Although these threats to religious freedom are significant, the greatest existential threat to religious liberty may still be yet to come. Surveys from the last two decades reveal that regular church attendance is declining and, as a result, nearly 25 percent of those adults claim no religious affiliation. Even more troubling, more than one-third of millennials categorized themselves as religious “nones.” If this trajectory remains unchanged, we will soon be looking at a society where religious believers of all types will be in the minority. That will likely lead to a slow erosion of religious liberty. Governments will be less likely to consider the impact on religious communities when they adopt policy, and they will be less predisposed to make accommodations for religious believers negatively impacted by public policy. Perhaps most significantly, future judges, who are drawn from the community at large, may be less willing to defend religious liberty when future constitutional challenges arise.
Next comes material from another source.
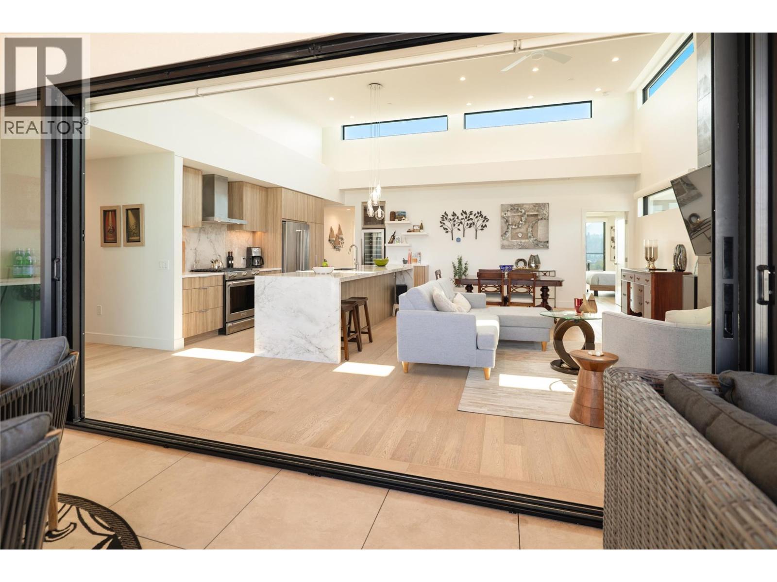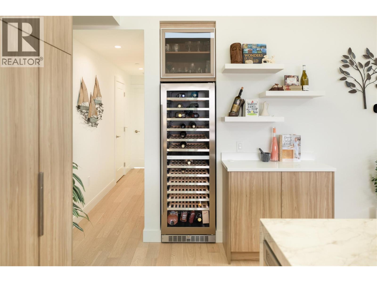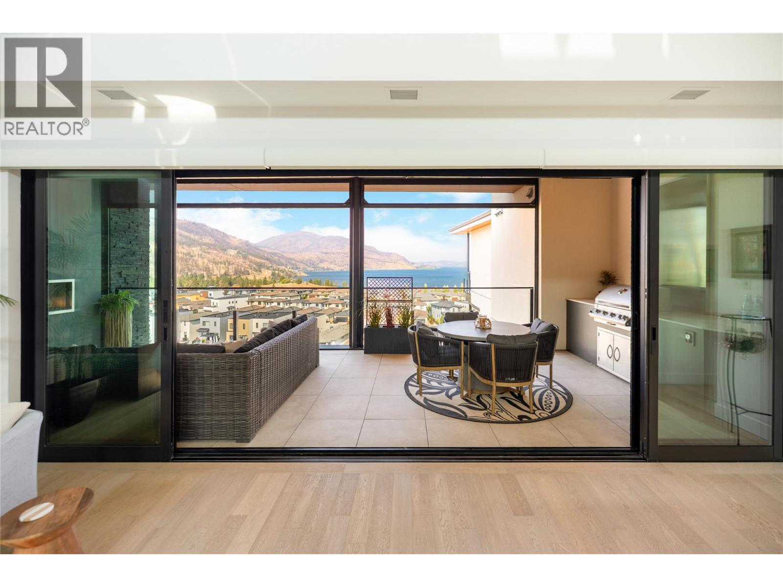 Penthouse living with a lifestyle to match. This top-floor 2 bed plus den, 3 bath home impresses with soaring 16’ ceilings and wraparound transom windows that flood the space with natural light from sunrise to sunset. Premium design details include brushed oak hardwood, a Cosentino Dekton Stonika Berge waterfall island with matching backsplash, and polished Cambria White Cliff countertops throughout the home. Blending elegance with comfort, it offers an equal sense of openness and intimacy. Two expansive balconies extend your living space year-round. The main balcony is complete with motorized screens, 2 ceiling infrared heaters, full height tiled gas fireplace, built-in Jackson Grill BBQ and additional gas hookup for a fire bowl or table—perfect for entertaining or quiet evenings. Breathtaking lake, mountain, and city views are enjoyed from nearly every angle. The primary retreat showcases unforgettable sunsets, a dream walk-in closet, a spa-inspired ensuite and large, private balcony. Control4 automation makes living effortless. Nearly new (with no GST) and offering resort-style amenities—steam rooms, yoga studio, gym, pool, pickleball courts, lounges, and patios—this residence delivers both luxury and ease. With a prepaid, worry-free 125-year lease and secure lock-and-leave convenience, it’s ideal for those who want to live richly, entertain impressively, and travel with peace of mind. (id:6770)

Despite these challenges, the good news is that we can act today to preserve religious liberty for tomorrow. First, we can model reverence for religious freedom by extending tolerance to others. Our commitment to religious liberty cannot extend solely to our own faith community, but must be widely championed for all. Christians should be the first to defend the constitutional rights of Muslims and those who belong to minority faiths. Second, we can practice good citizenship by obeying the law, even when we disagree with it (Romans 13); helping all our neighbors, not just those within the community of faith (Luke 10:25-37); and treating all people— including political leaders with whom we profoundly disagree—with love and respect (John 13:35). Finally, we can prioritize evangelism and discipleship in order to fulfill the Great Commission (Matthew 28:16-20) and reverse the rise of the “nones.”

John Adams once remarked, “Our Constitution was made only for a moral and religious people. It is wholly inadequate to the government of any other.” If we are able to live out the commands of Scripture by sharing our faith, demonstrating tolerance toward others, and loving our neighbors as ourselves, then we will do more than just safeguard our religious liberty. We might just preserve the nation itself.